Batch processing is a technique in which an Operating System collects the
programs and data together in a batch before processing starts. This type of
operating system does not interact with the computer directly. Example: Punch
Card
What is time sharing operating system?
Time-sharing is a technique which enables many people, located at various
terminals, to use a particular computer system at the same time. This is an
extension of multi programming. Example: Unix
Multi programming: single processor and multiple programs. Computer running
Google Chrome and Word file simultaneously is example of multi programming.
What is distributed operating system?
Distributed systems use multiple central processors to serve multiple real-time
applications and multiple users. Data processing jobs are distributed among the
processors accordingly. Example: Plan 9, MOSIX
Distributed operating system is also known as loosely coupled system.
What is Network Operating System?
A Network Operating System runs on a server and provides the server the
capability to manage data, users, groups, security, applications, and other
networking functions. Examples: windows, LINUX, MAC etc
What is Real Time Operating System?
Real time operating system is intended to take and execute data instantly without
any buffer delay.
What is multitasking?
Multitasking is when multiple jobs are executed by the CPU simultaneously by
switching between them. Switches occur so frequently that the users may interact
with each program while it is running.
Multitasking Operating Systems are also known as Time-sharing systems.
Difference between multi programming and multi tasking?
Multiprogramming works on single processor whereas Multitasking works on
multiple processors.
What is spooling?
Spooling is an acronym for simultaneous peripheral operations on line. Spooling
refers to putting data of various I/O jobs in a buffer.
When a program is loaded into the memory and it becomes a process, it can be
divided into four sections : stack, heap, text and data.
Stack contains the temporary data such as method/function parameters, return
address and local variables.
Heap: this is dynamically allocated memory to a process during its run time.
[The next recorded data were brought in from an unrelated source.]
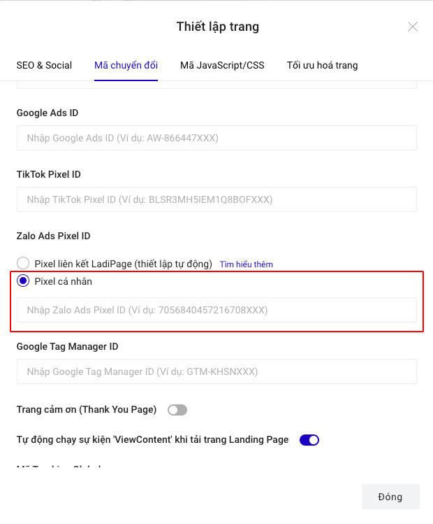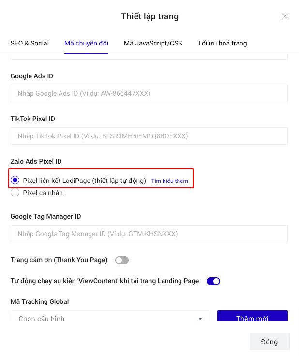 Thiết lập Zalo Ads Pixel trên LadiPage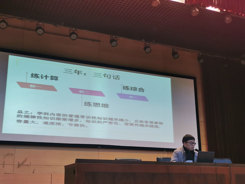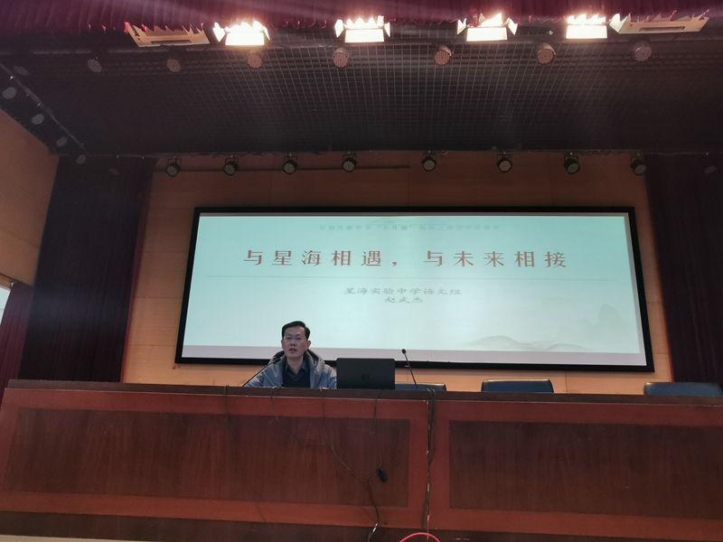 校党委委员、初中部教科室主任赵武杰以《与星海相遇,与未来相接》为题作了诗意的开场,分享了语文学科方面的学法指导。赵武杰结合课标,从“小升初”升了的是什么入手,帮助家长明确初中阶段由体量简易到内容庞杂、由知识了解到综合运用、由客观复刻到主观表述的三大提升表现。就古诗理解、文言文阅读和现代文阅读这三大方面为家长提供具体的衔接指导。赵老师还专门撰写了星海课外阅读进阶指导与课外阅读卡积累卡,以二维码的形式供家长扫描下载,获得家长们的一致好评。赵老师建议家长关注孩子个性,定制基础型、专题型、读写结合等适切的衔接方法,希望家长们将“陪伴是最长情的告白”的陪伴化为有质量、有温度的陪伴,一同给予孩子最好的帮助。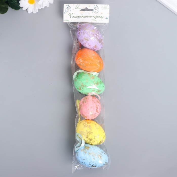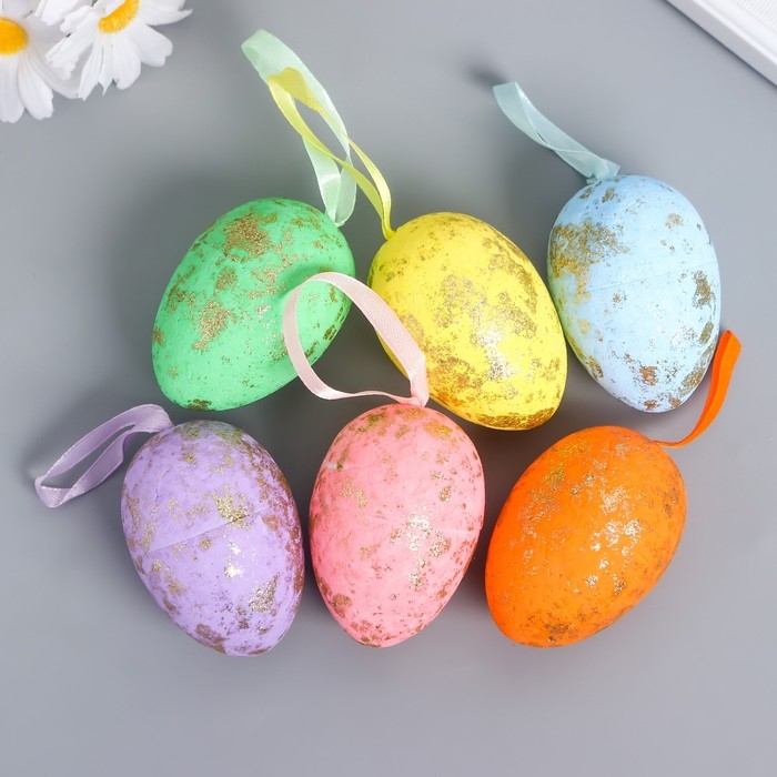 Декор пасхальный подвеска "Яйцо - золотистые пятнышки" набор 6 шт разноцветные 7х5х5 см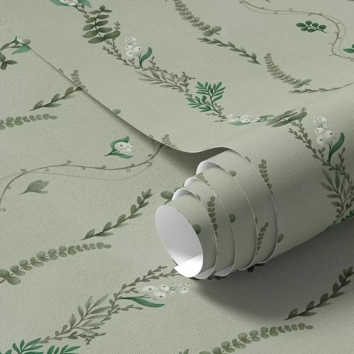 Papel tapiz Enredaderas verticales y ramitas en verde apagado Nr. a00817v1

What is process scheduling?
The process scheduling is the activity of the process manager that handles the
removal of the running process from the CPU and the selection of another process
on the basis of a particular strategy.
A Process Scheduler schedules different processes to be assigned to the CPU based
on particular scheduling algorithms.
Which are popular CPU scheduling algorithms?
First-Come, First-Served (FCFS) Scheduling
Shortest-Job-Next (SJN) Scheduling
Priority Scheduling
Shortest Remaining Time
Round Robin(RR) Scheduling
Multiple-Level Queues Scheduling
These algorithms are either non-preemptive or preemptive. Non-preemptive
algorithms are designed so that once a process enters the running state, it cannot be
preempted until it completes its allotted time, whereas the preemptive scheduling is
based on priority where a scheduler may preempt a low priority running process
anytime when a high priority process enters into a ready state.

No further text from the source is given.